BEGIN Data for the task

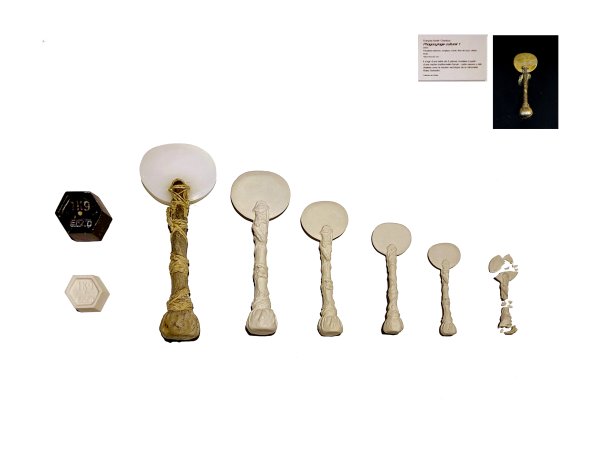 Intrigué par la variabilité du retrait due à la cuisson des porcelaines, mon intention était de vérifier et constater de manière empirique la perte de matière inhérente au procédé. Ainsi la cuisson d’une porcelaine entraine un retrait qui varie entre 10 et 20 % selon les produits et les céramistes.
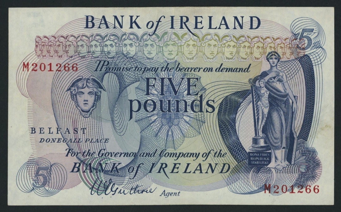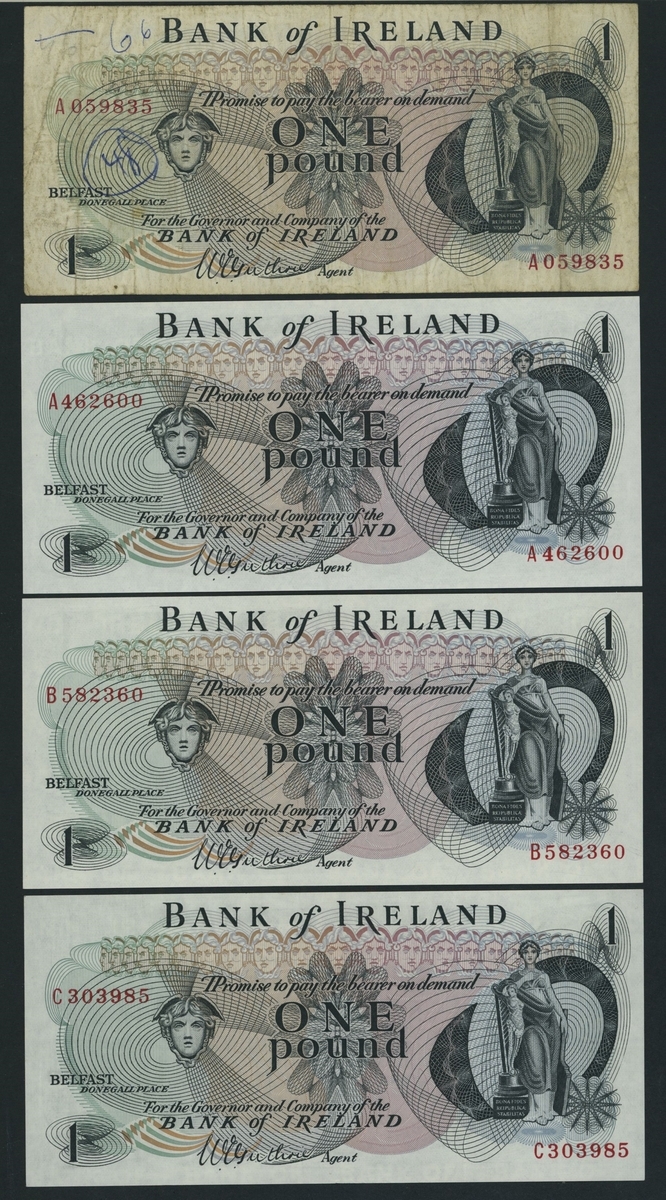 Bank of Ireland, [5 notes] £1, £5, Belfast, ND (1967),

END Data for the task
BEGIN Data for the task

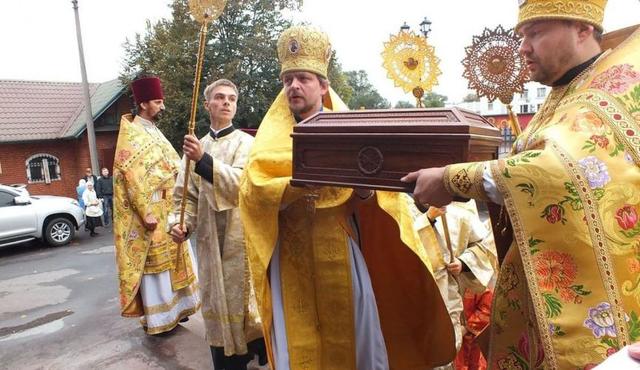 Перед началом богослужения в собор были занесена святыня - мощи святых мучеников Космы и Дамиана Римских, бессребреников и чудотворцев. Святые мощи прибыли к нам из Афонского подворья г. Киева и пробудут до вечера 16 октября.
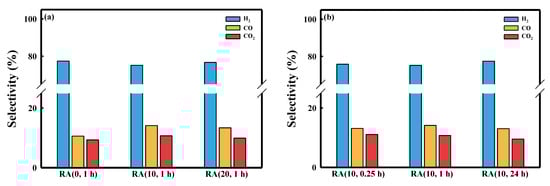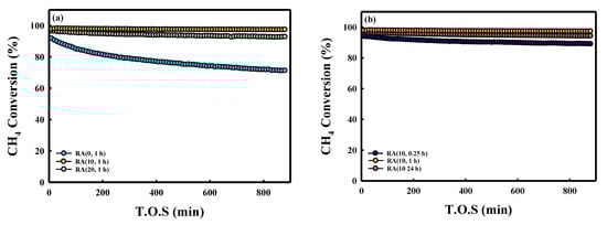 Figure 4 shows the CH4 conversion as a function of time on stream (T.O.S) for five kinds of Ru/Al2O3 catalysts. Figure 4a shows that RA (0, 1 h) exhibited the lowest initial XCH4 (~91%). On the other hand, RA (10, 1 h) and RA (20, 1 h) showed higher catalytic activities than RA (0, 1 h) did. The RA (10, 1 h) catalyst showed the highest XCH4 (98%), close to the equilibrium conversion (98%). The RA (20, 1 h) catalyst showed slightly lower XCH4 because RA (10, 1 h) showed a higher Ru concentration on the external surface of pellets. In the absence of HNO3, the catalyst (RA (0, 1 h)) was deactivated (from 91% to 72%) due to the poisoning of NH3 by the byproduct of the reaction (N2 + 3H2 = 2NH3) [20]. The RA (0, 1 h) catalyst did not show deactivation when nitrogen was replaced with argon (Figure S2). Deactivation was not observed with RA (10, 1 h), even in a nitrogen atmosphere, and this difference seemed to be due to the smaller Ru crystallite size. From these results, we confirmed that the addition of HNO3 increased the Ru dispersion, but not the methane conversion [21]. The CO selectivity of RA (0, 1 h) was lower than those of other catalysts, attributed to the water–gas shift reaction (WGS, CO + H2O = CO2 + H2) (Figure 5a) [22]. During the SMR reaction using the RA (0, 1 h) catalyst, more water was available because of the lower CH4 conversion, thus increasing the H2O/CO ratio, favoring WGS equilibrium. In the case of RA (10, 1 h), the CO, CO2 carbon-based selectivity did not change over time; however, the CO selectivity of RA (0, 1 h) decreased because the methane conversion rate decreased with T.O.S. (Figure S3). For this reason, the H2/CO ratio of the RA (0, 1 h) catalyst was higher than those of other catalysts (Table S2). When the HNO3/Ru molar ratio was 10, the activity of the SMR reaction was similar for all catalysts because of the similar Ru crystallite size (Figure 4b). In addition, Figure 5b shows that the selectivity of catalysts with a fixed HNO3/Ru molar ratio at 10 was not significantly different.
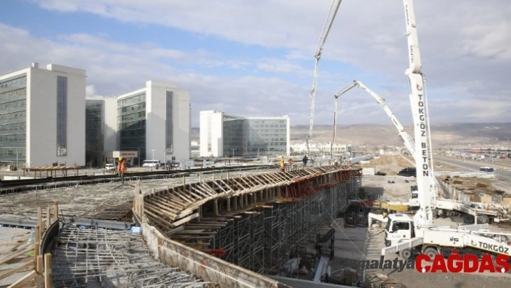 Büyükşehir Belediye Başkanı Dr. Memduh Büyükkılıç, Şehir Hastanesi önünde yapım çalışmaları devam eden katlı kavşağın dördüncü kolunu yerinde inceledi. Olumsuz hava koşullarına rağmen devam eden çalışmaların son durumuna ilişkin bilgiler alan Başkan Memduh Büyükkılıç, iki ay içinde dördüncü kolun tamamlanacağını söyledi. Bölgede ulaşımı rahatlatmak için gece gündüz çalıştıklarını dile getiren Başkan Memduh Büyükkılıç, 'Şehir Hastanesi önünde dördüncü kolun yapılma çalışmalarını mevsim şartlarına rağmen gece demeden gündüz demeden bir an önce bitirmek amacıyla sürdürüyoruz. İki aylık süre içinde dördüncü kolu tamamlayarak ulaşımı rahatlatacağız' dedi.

END Data for the task

**Work to complete:** Start at the line containing "Intrigué par la" above and stop at the line containing "Bank of Ireland, [5". Output those lines exactly, both included, but none of the pictures.

**Final answer:**
 Intrigué par la variabilité du retrait due à la cuisson des porcelaines, mon intention était de vérifier et constater de manière empirique la perte de matière inhérente au procédé. Ainsi la cuisson d’une porcelaine entraine un retrait qui varie entre 10 et 20 % selon les produits et les céramistes.
 Bank of Ireland, [5 notes] £1, £5, Belfast, ND (1967),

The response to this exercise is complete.